Каждый человек имеет собственное представление о здоровом питании. Кто-то полностью отказывается от полуфабрикатов, а другие исключают из рациона мясные и молочные продукты. Причин кардинально изменить личный рацион может быть множество, но цель практически всегда одна — восстановить здоровье, наладить работу пищеварительной системы, стать стройнее. Некоторые люди становятся вегетарианцами из этико-психологических соображений, по религиозным причинам или просто не желая употреблять в пищу животное мясо. Вегетарианство в последние годы стало модным веянием и в нем можно найти множество положительных моментов.
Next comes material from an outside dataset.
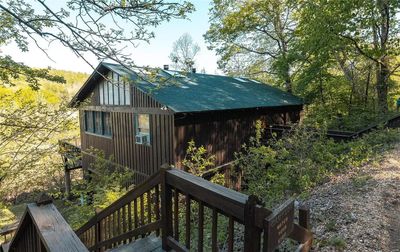 Each Hilltop building contains four individual cabins: Two on each level which can connect via a door on the private screened in porches. The King Hilltop features 1 king bed with a twin daybed in the living room area of the suite style unit. Each cabin has a private bath and a stone fireplace. Min 2 persons p/night and Max 3 persons. Dog friendly.

Сегодня, разговоры о том, что без мяса человеку практически невозможно существовать, не выдерживают никакой критики. Вегетарианство одобрено серьезными медицинскими организациями, а при правильном подходе, принесет здоровью только пользу. Но чтобы полноценно обеспечить организм необходимыми веществами, важно грамотно составить рацион. Подготовленные вегетарианцы знают, что следует употреблять в пищу на диете. Новичкам в этом смысле приходится сложнее. Им необходимо определить, с чего начинать свой путь вегетарианца, чтобы не утратить здоровье, а приумножить его. Известный профессиональный карточный игрок Даниэль Негреану, который даже попал в Netflix в 2016 году, однажды признался: «Я совершенно не понимал, что я должен есть, ведь тогда не было столь разнообразного рациона для вегетарианцев. Я часто ел сырную пиццу, так что моя диета была достаточно сытной. Мой рацион не предполагал свежих продуктов или чего-либо питательного, тем не менее, в нем отсутствовало мясо».
Учитывая чужие ошибки, стоит понимать, что основная задача новоиспеченного вегетарианца — избежать дефицита белка, определив для себя лучший источник жизненно важных аминокислот. Суточная потребность белка составляет 1 грамм на 1 килограмм веса, поэтому в рационе строгих вегетарианцев основное место должны занимать бобовые: нут, горох, фасоль, чечевица. Немаловажно наличие в рационе соевых продуктов и сыра тофу. Необходимо часто употреблять орехи и семечки, а также гречневую и овсяную каши, которые являются источниками белка. В то же время лактовегетарианцам обеспечить организм белком гораздо проще: яйца и кисломолочные продукты могут полностью заменить им мясо.
Составляя для себя оптимальный рацион, вегетарианец должен точно знать, какой продукт для него станет источником необходимых витаминов.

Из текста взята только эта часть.